We all have a pretty good idea of why the Soviet Union collapsed: it’s because its state-run planned economy wasn’t as efficient as its rivals in the free-market West. The lesson we’ve learned from this is that capitalism won the political argument. But it’s a false lesson, because capitalism didn’t. The problems that made the Soviet Union such a failure are now endemic in the West. To give one tiny example, in my Sunday paper last weekend was a story about how the Culture Secretary, Jeremy Hunt, is launching ‘a drive to encourage Britons to holiday in their own country… with discounts worth a fifth on breaks booked during the Olympic year’.

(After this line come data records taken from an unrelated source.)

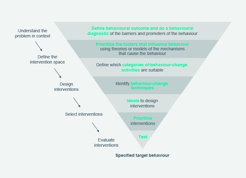 Behavioural science is a ‘hot topic’ and many individuals and organisations are exploring how to use it. However, some approaches fail to consider the underlying principles or theory, use just one model of behaviour, or lack a systematic process that yields effective behaviour-change solutions. At Innovia, we believe that human behaviour is too complex to be explored in this way. Instead, we use a rigorous, and structured approach (see left) that makes use of the theory and evidence of what is effective and applies a variety of validated models. We are solution neutral – seeking the best approach to meet your unique challenge. We believe that this approach is essential to give confidence in the solutions that we generate. And our clients agree.
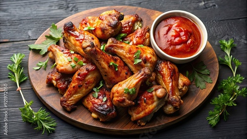 Grilled chicken wings with sauce exploding behind, grilled, chicken wings, sauce, BBQ, spicy, savory, tasty, food photography
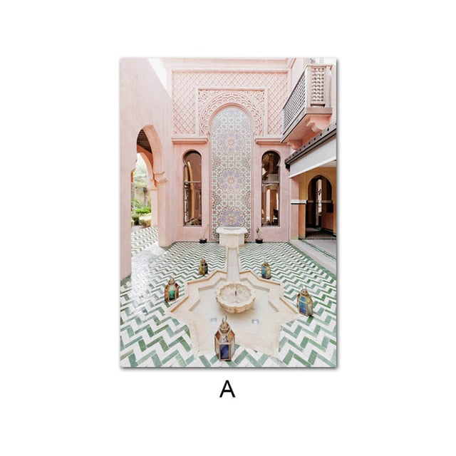 Morocco Arab Architecture Islamic Poster Landscape Canvas Print Protea Flower Balloon Wall Art Painting Botanical Picture Decor
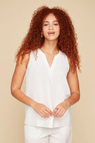 Elevate your style with our White Linen Blend Vneck Sleeveless Top. Classic and versatile, it pairs perfectly with any print or classic bottom for a chic and stylish look. The slight A-Line shape and front pleat give a lovely fit over the hips. The lightweight and comfortable linen blend fabric is sure to keep you looking and feeling great all day long. Upgrade your wardrobe today!

Who is paying for this scheme? You are, of course. The government has no money of its own. It finances its expenditure in one of three main ways: through taxation; through borrowing; through money-printing. So whether through confiscation from the present generation (tax) or future generations (borrowing, money printing), the government has decided on your and your children’s behalf that rather than allowing you to keep your money to spend on trivia like food, healthcare, education etc it would be better deployed on a whizzo scheme to discourage British people from taking their holidays abroad.
Put like that it sounds stupid, doesn’t it? But that’s how we ought to put it, every time. Until we can educate ourselves that, as Frederic Bastiat put it, ‘Government is the great fiction through which everybody endeavours to live at the expense of everybody else’, we will never get out of the ginormous heap of economic and sociopolitical ordure in which we find ourselves buried up to the neck.
It is in the nature of politicians to imagine that doing something will always make things better than if they had done nothing.